The profiling facility can be used to analyse bottlenecks within the software
or outside and provide guidence for tuning Grid Engine.
1. Format:
----------
The format of the profiling output is not fixed and can change from one version
to another or even inbetween version. It is used as a trouble shooting tool and
will be adapted to new needs when ever they arise.
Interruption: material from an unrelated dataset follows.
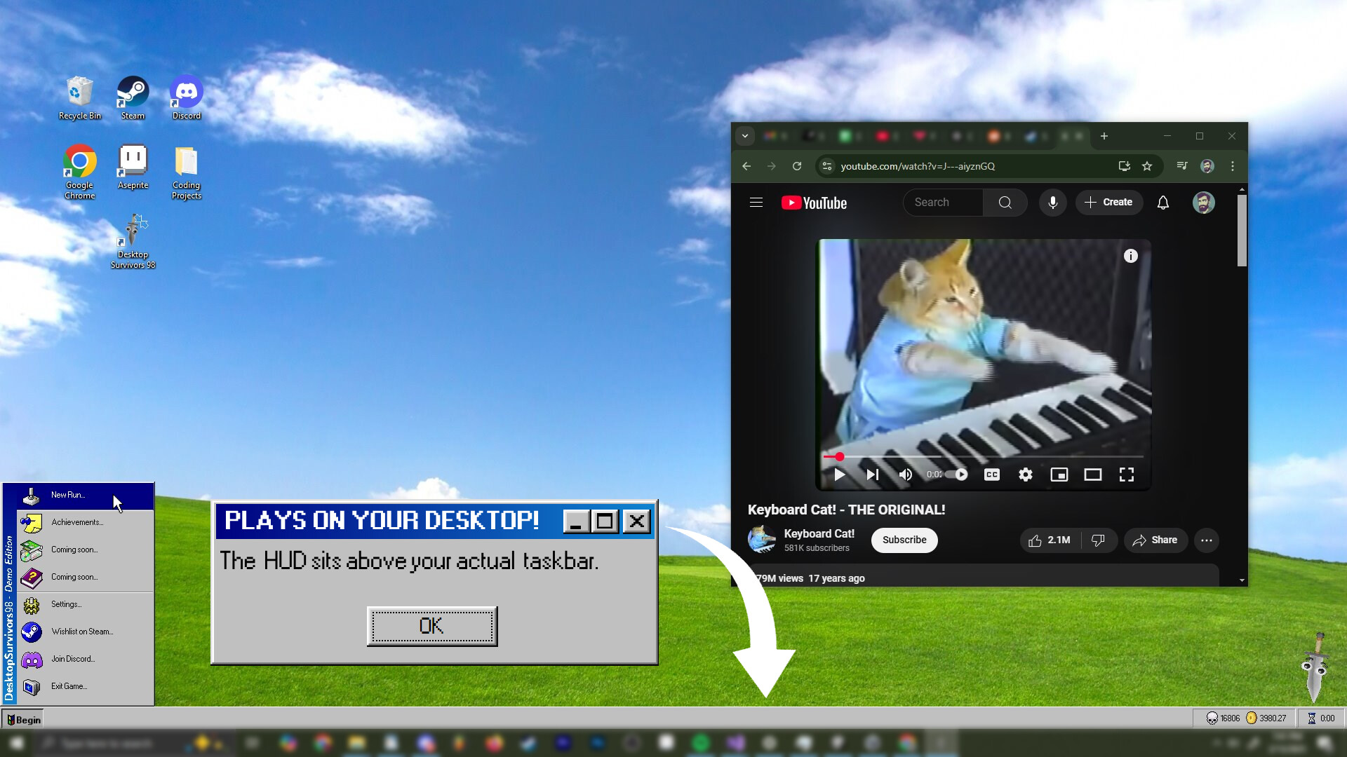 Desktop Survivors 98 doesn’t play in a window — it plays over your desktop. Enemies, upgrades, and chaos unfold across your real screen.

This document is based on
the profiling output of SGE 6.0u8.
2. Scheduler:
-------------
switch:
qconf -msconf
params profile=[0,1]
output: //spool/qmaster/schedd/messages
Sample Output:
[1] PROF: sge_mirror processed 30 events in 0.000 s
[2] PROF: static urgency took 0.000 s
[3] PROF: job ticket calculation: init: 0.000 s, pass 0: 0.000 s,
pass 1: 0.000, pass2: 0.000, calc: 0.000 s
[3a] PROF: job ticket calculation: init: 0.000 s, pass 0: 0.000 s,
pass 1: 0.000, pass2: 0.000, calc: 0.000 s
[4] PROF: normalizing job tickets took 0.000 s
[5] PROF: create active job orders: 0.000 s
[6] PROF: job-order calculation took 0.010 s
[7] PROF: job sorting took 0.000 s
[8] PROF: job dispatching took 0.000 s (1 fast, 0 comp, 0 pe, 0 res)
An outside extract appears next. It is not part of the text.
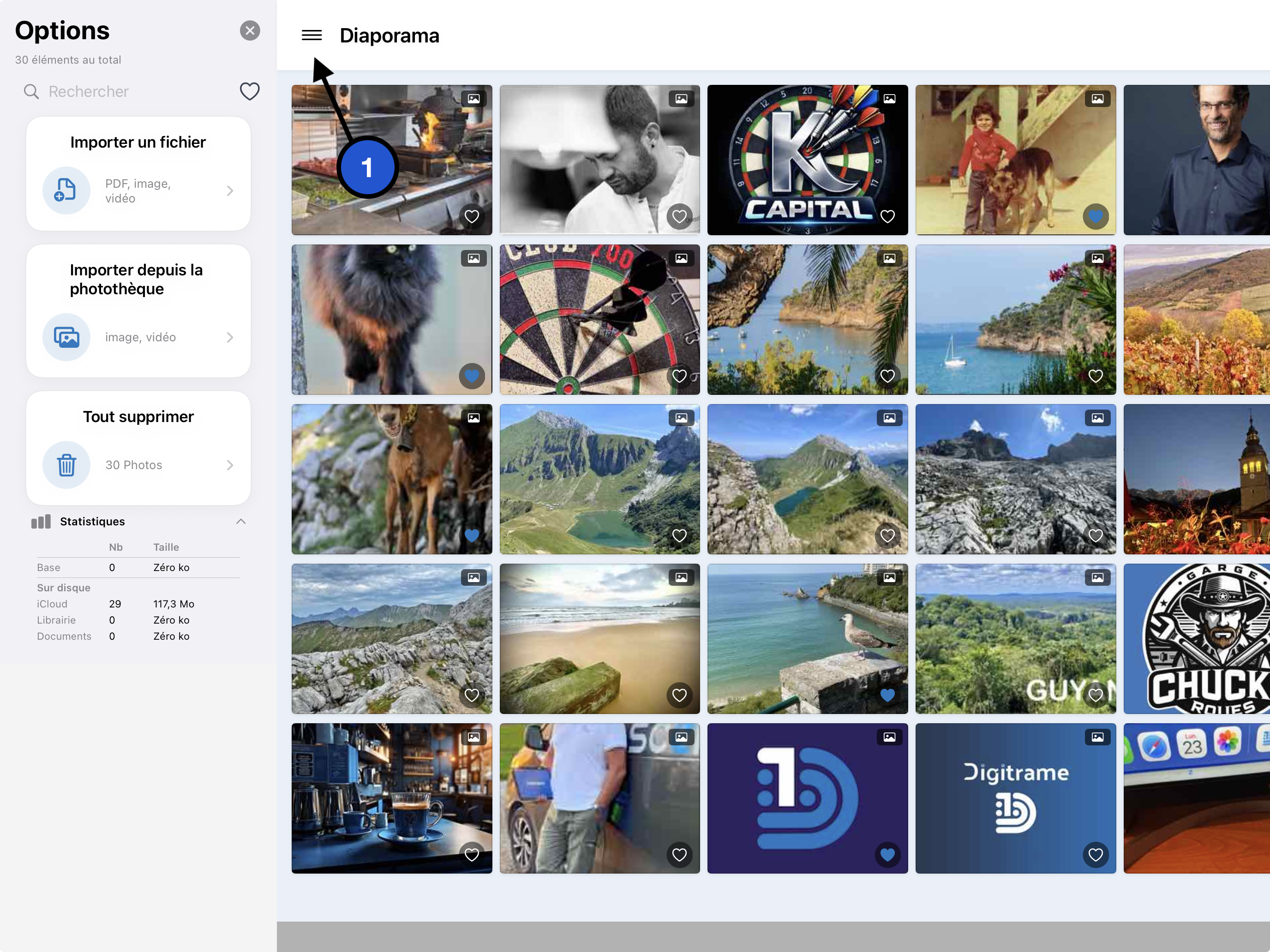 Le Diaporama permet la lecture automatique de l’ensemble des photos.

[9] PROF: create pending job orders: 0.000 s
[10] PROF: scheduled in 0.010 (u 0.010 + s 0.000 = 0.010):
1 sequential, 0 parallel, 4 orders, 2 H, 4 Q, 5 QA,
0 J(qw), 1 J(r), 0 J(s), 0 J(h), 0 J(e), 0 J(x), 1 J(all),
52 C, 4 ACL, 2 PE, 2 U, 2 D, 96 PRJ, 1 ST, 0 CKPT, 0 RU,
1 gMes, 0 jMes, 2/1 pre-send, 0/0/0 pe-alg
[11] PROF: send orders and cleanup took: 0.100 (u 0.000,s 0.000) s
[12] PROF: schedd run took: 0.120 s (init: 0.000 s, copy: 0.010 s, run:0.110,
free: 0.000 s, jobs: 1, categories: 1/1)
Lines Explained:
----------------
[1] - Is generated from the event processing.
events - number of events processed (received from the qmaster)
time s - time needed to update the internal data
[2] - Time needed to compute the urgency policy for all jobs in the system
[3] - Time needed to compute the different steps from the ticket policy
init - time needed to setup the internal data structures
pass 0 - time for data preparation (tfirst pass)
pass 1 - time for data preparation (tsecond pass)
pass 2 - time for data preparation (third pass)
calc - time for the ticket calculation
[3a] - Same as [3]. This step is used to correct the tickets for the running jobs.
[4] - Time needed to normalize the tickets to a range of 0 to 1
[5] - Time needed to create job update tickets for running jobs, and sending them.
[6] - Time needed to compute the priority for each job, includes steps: 2,3,3a,4
[7] - Time needed to sort the job list to reflect the job priority
[8] - Time needed to assign jobs to the compute resources and sending the job start
orders to the qmaster. The following numbers show the jobs, which were assigned:
fast - number of sequential jobs without soft requests
comp - number of sequential jobs with soft requests
pe - number of parallel jobs
res - number of reservations
[9] - Time needed to create the priority update orders for all pending jobs.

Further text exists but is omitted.